In accordance with Article 8.2 of the Articles of Association, the agenda of the meeting is as follows:

  1. Report of the board of directors on the Company's activities during the past financial year

  2. Adoption of the audited annual report

    The audited annual report is available on www.st-group.com. A copy may also be requested by contacting the Company at investor@st-group or telephone +45 3955 6200.

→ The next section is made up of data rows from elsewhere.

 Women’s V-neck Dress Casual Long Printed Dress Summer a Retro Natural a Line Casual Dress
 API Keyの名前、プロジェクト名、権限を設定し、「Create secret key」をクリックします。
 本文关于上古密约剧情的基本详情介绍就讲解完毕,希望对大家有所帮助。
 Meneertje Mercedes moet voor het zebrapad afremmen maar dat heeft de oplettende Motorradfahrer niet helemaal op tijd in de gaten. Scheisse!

  3. Adoption of the remuneration of the board of directors and any board committees

    The board of directors proposes to the general meeting that compensation for the board of directors for the financial year 2016 be adopted based on a base annual fee of DKK 400,000 to each member. Furthermore, under this proposal, the chairman will receive three times the base annual fee and the vice-chairman will receive 1.75 times the base annual fee. The chairman of the Audit Committee will receive (in addition to the base annual fee as board member) a fee corresponding to 75 percent of the base annual fee for members of the board of directors. Other members of the Audit Committee will receive (in addition to the base annual fee as board members) a fee corresponding to 37.5 percent of the base annual fee for members of the board of directors. The members of each of the Remuneration Committee and Nomination Committee will receive (in addition to the base annual fee as board members), a fee corresponding to 12.5 percent of the base annual fee for members of the board of directors. The chairman of each of the Remuneration Committee and Nomination Committee will receive (in addition to the base annual fee as board members) a fee corresponding to 25 percent of the base annual fee for members of the board of directors.

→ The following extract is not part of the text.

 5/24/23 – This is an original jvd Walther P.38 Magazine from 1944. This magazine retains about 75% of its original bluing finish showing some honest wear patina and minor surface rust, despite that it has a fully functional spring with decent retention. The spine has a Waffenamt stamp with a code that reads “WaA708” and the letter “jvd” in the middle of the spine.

  4. Appropriation of profit or loss as recorded in the adopted annual report

    The board of directors proposes to the general meeting that for the financial year 2015 the Company pays a dividend of DKK 5.00 per share of DKK 1.


  5. Election of members to the board of directors

    In accordance with Article 11.1 of the Articles of Association, all members of the board of directors elected by the general meeting are up for election. The board of directors has received notice that Tommy Pedersen wishes to resign from the board of directors. The board of directors proposes that Nigel Northridge be elected as new member of the board of directors and that Jørgen Tandrup (chairman), Conny Karlsson (vice-chairman), Søren Bjerre-Nielsen, Dianne Neal Blixt, Marlene Forsell, Luc Missorten and Henning Kruse Petersen be re-elected as members of the board of directors. Information about the nominated candidates is enclosed to this notice and is also available at the Company's website (www.st-group.com).
  6. Election of auditor(s)

    The board of directors proposes that PricewaterhouseCoopers Statsautoriseret Revisionspartnerskab be re-elected as auditor of the Company.

  7. Any proposals by the board of directors and/or shareholders

    The board of directors has not received any proposals from the shareholders.

VOTING REQUIREMENTS

Adoption by the general meeting of proposals set out in items 2, 3, 4, 5 and 6 on the agenda requires a simple majority at the general meeting, see Article 10.2 of the Articles of Association.

REGISTRATION, ADMISSION AND PROXY

Registration date
In accordance with Article 9.4 of the Articles of Association, a shareholder's right to participate in the general meeting and the number of votes which the shareholder is entitled to cast is determined in accordance with the number of shares held by such shareholder on 19 April 2016 (the registration date). The shares held by each shareholder are determined at the registration date on the basis of the shareholdings registered in the share register and in accordance with any notices on shareholding received, but not yet registered, by the Company in the share register as of the registration date.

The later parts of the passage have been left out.